# AIM offline, Internet online, screen name is valid



## appleswitch (Apr 10, 2005)

AIM offline, Internet online, screen name is valid

I am able to get online just fine but, when it comes to using AIM, MSN or any other chat software, I get refused by the host or I'm told that I'm not onine. The screenname works and I can log in on other computrers In the house


----------



## YeeFam (Nov 19, 2004)

I don't use chat - but first thing comes to mide is the firewall- maybe it is blocking some of the ports.

Did you try turning off the firewall and do a guick test?

If it works, I guess we have to figure out the ports you need to open up (thus why when we "secure" computer systems- chat is one of the things wee do not allow)

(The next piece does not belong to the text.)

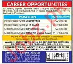 Latest Jay Enn Safety Group Manufacturing Posts Faisalabad 2025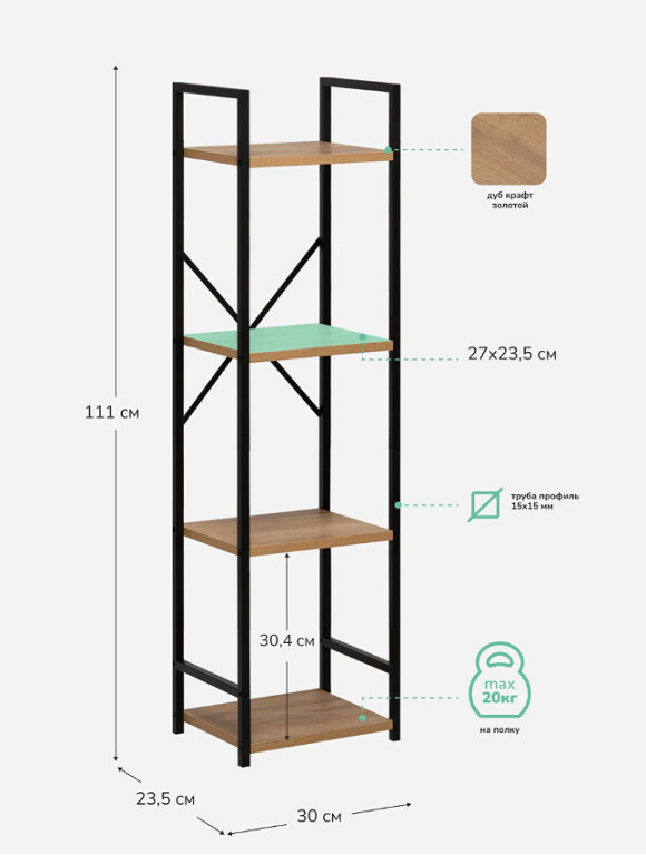 Максимальная нагрузка на полку 20 кг возможность размещать книги, бытовую технику и тяжёлые вещи.

So - how is Tiger looking?

And Welcome to TSF.


----------



## shuuhen (Sep 4, 2004)

What programs have you tried? Could you post the exact messages you are getting? As YeeFam said, it could be an issue with the configuration of a firewall.


----------



## appleswitch (Apr 10, 2005)

OK, I only have this problem on a computer I never use but Ill pass yalls Info to the guy with the same problem on Appleswitch. Tigers awsome, years ahead of windows but I dont have iChat AV on mine yet, I can't wait till It comes out and Im gone 4way video a bunch of people, Its gona be awsome. Get it in 16 days or wait a year and see windows try to rip it off. :laugh: (poor poor windows people, stuck in the past :grin: )


----------